Problem to solve. Below are entries. Copy exactly the lines running from the line that holds "Manuella Norris, oil" to the line that holds "USD – Now with", with both ends included.

Data supplied.
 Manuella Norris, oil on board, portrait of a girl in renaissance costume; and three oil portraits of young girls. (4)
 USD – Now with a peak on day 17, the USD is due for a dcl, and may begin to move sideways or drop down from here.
==
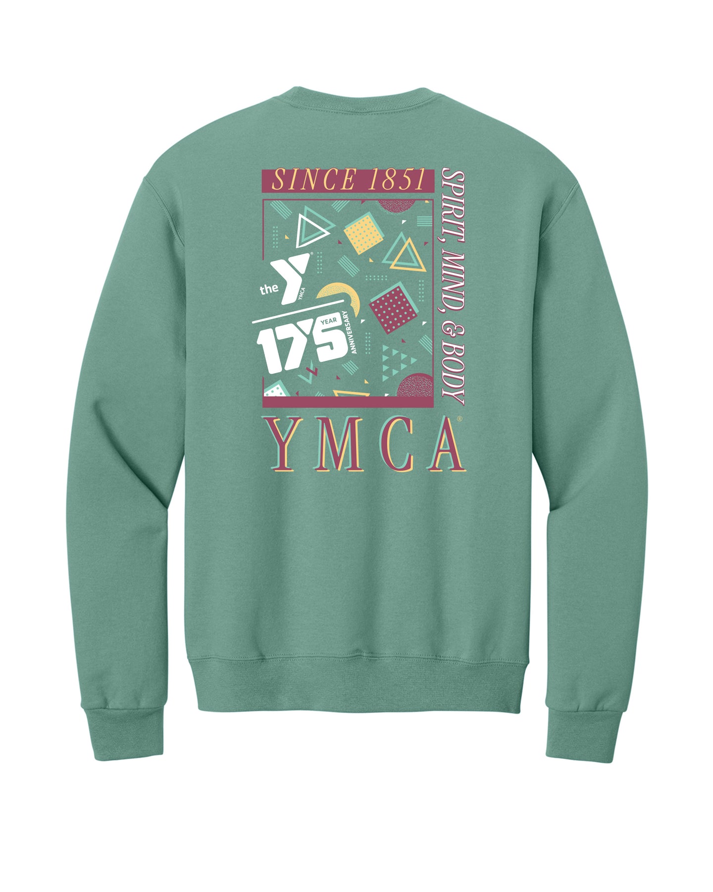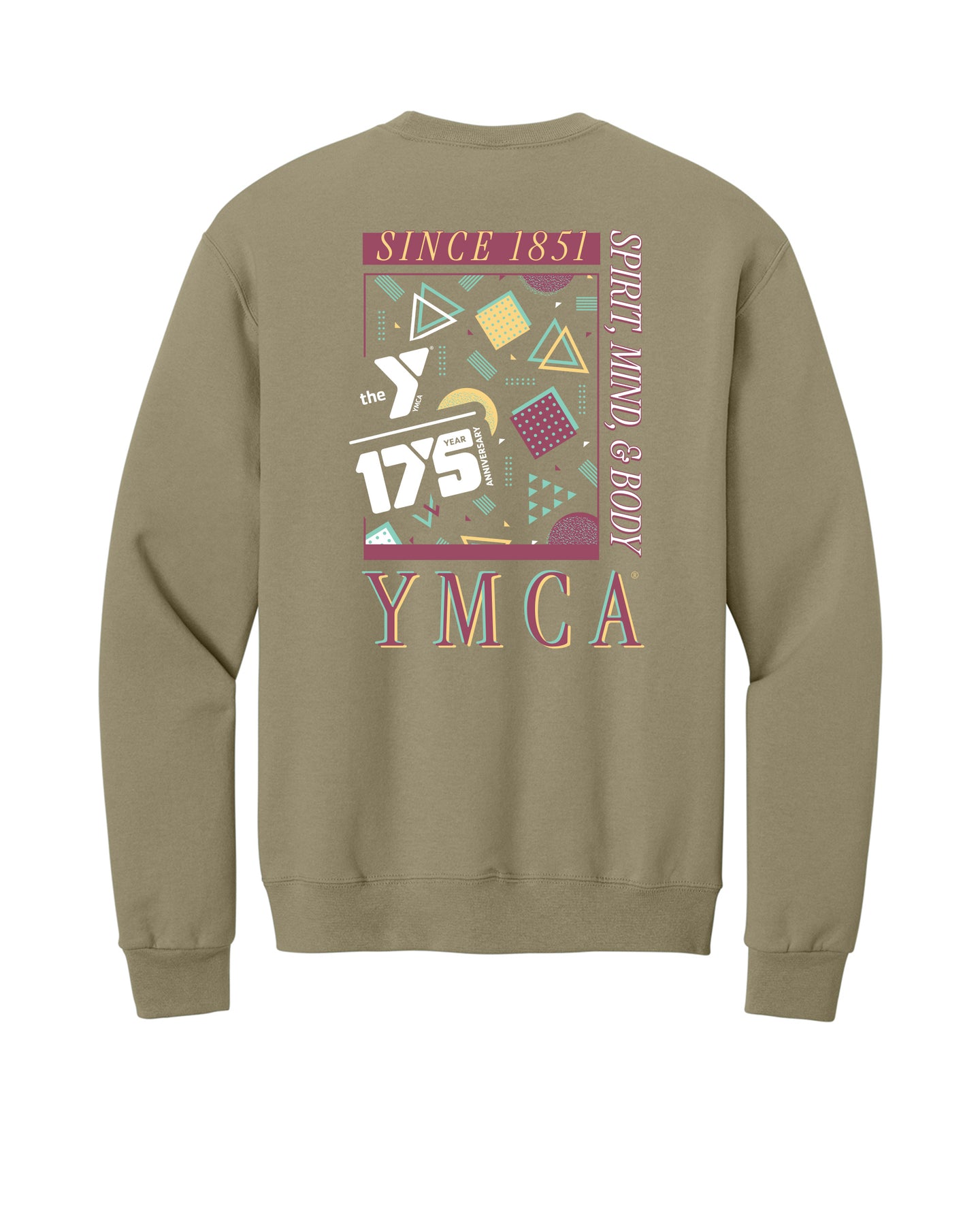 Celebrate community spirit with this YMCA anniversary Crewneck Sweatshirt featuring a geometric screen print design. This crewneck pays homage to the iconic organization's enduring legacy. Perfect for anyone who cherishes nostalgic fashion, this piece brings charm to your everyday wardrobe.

Result for this exercise.
 Manuella Norris, oil on board, portrait of a girl in renaissance costume; and three oil portraits of young girls. (4)
 USD – Now with a peak on day 17, the USD is due for a dcl, and may begin to move sideways or drop down from here.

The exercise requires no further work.